Simple Bloom filter implemented in RISC-V assembly for RV32I and RV64I instruction sets. Makes optional use of the Zbb instruction set if available.
A Bloom Filter is a highly space-efficient data structure similar to a set. Unlike a set, a Bloom returns "maybe in set", and "definitely not in set" whereas a set returns "definitely in set" and "definitely not in set". The advantage of a Bloom filter is a big gain in space efficiency for very large sets.
The particular Bloom filter implemented here is designed to allow for storage of 100 items with a 1% false positive rate. It was designed with this Bloom filter calculator. It uses 66 bytes of storage to store the 100 items.
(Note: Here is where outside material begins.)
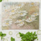 ...illustration, flowers, nature, spring, flora, blue sky, white, green, meadow, field, soft muted colors, rusting, chromolithograph, lithograph print, vintage, retro, cottagecore, stately. sophisticated, elegant, rustic, Louis Prang, daisies, wildflowers
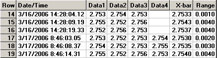 This data table displays data records stored with a subgroup size of three, followed by data records stored with a subgroup size of four. The table displays four Data columns because the largest subgroup size in this data retrieval is four.

This implementation uses two hash functions, both of which are simple modulus hashes (ie, not very good, but quite fast), and as a result it works best if the entropy of the lower 9 bits of the items being inserted is high. If this is not the case, then I suggest replacing the hash_h1 and hash_h2 functions in bloom.s with something more sophisticated; MurmurHash is a commonly used hashing function for this application.
The API follows the standard RISC-V ABI; it should be easy to make it C-callable as well as callable from assembly.
rvbloom's public API consists of four routines:
Insert a string value into the Bloom filter. Input: a0 contains a pointer to a nul-terminated string.
Insert an integer value into the Bloom filter. Input: a0 contains integer to insert.
Determine if a string is possibly in the bloom filter. Input: a0 contains a pointer to a nul-terminated string. Output: a0 = 1 if string is possibly in filter, else 0.
Determine if an integer value is possibly in the bloom filter. Input: a0 contains integer to check. Output: a0 = 1 if integer is possibly in filter, else 0.
rvbloom depends upon my rvint package of RISC-V integer mathematical routines. You will need to download and build rvint prior to building rvbloom.
rvbloom is built with LLVM. It is possible to use the GNU toolchain by modifying the Makefile.
- Download and build rvint
- edit rvbloom/config.s and set the CPU_BITS and HAS_ZBB equates as appropriate.
- edit Makefile, setting TARGET, ARCH, ABI and RVINT variables as appropriate
- make. This will build the rvbloom.a library, suitable for linking with your application, as well as the bloom-tests.x example executable.
bloom-tests.x runs on systems which support Linux syscalls. Expected output from running on the RISC-V ALE emulator
$ whisper /bloom-tests.x --newlib --setreg sp=0x7FFFFF
C --isa acdfimsu
00000000 00000000 00000000 00000000 00000000 00000000
00000000 00000000 00000000 00000000 00000000 00000000
00000000 00000000 00000000 00000000 00000000 00000000
00000000 00000000 00000000 00000000 00000000 00000000
00000000 00000000 00000000 00000000 00000000 00000000
00000000 00000000 01000000 00000100 00000000 00000000
00000000 00000000 00000000 00000000 00000000 00000000
00000000 00000000 00000000 00000000 00000000 00000000
00000000 00000000 00000000 00000000 00000000 00000000
00000000 00000000 00000000 00000000 00000000 00000000
00000000 00000000 00000000 00000000 00000000 00000000
--------
00000000 00000000 00000000 00000000 00000000 00000000
00000000 00000000 00000000 00000000 00000000 00000000
00000000 00000000 00000000 00000000 00000000 00000000
00000000 00000000 00000000 00000000 00000000 00000000
00100001 00000000 00000000 00000000 00000000 00000000
00000000 00000000 01000000 00000100 00000000 00000000
00000000 00000000 00000000 00000000 00000000 00000000
00000000 00000000 00000000 00000000 00000000 00000000
00000000 00000000 00000000 00000000 00000000 00000000
00000000 00000000 00000000 00000000 00000000 00000000
00000000 00000000 00000000 00000000 00000000 00000000
--------
maybe in
maybe in
not in
Target program exited with code 0
User stop
Retired 16481 instructions in 0.52s 31633 inst/s
$
- Bloom filter parameters (capacity, error likelyhood) may be changed in config.s
- Hash functions in bloom.s may be updated to provide more entropy.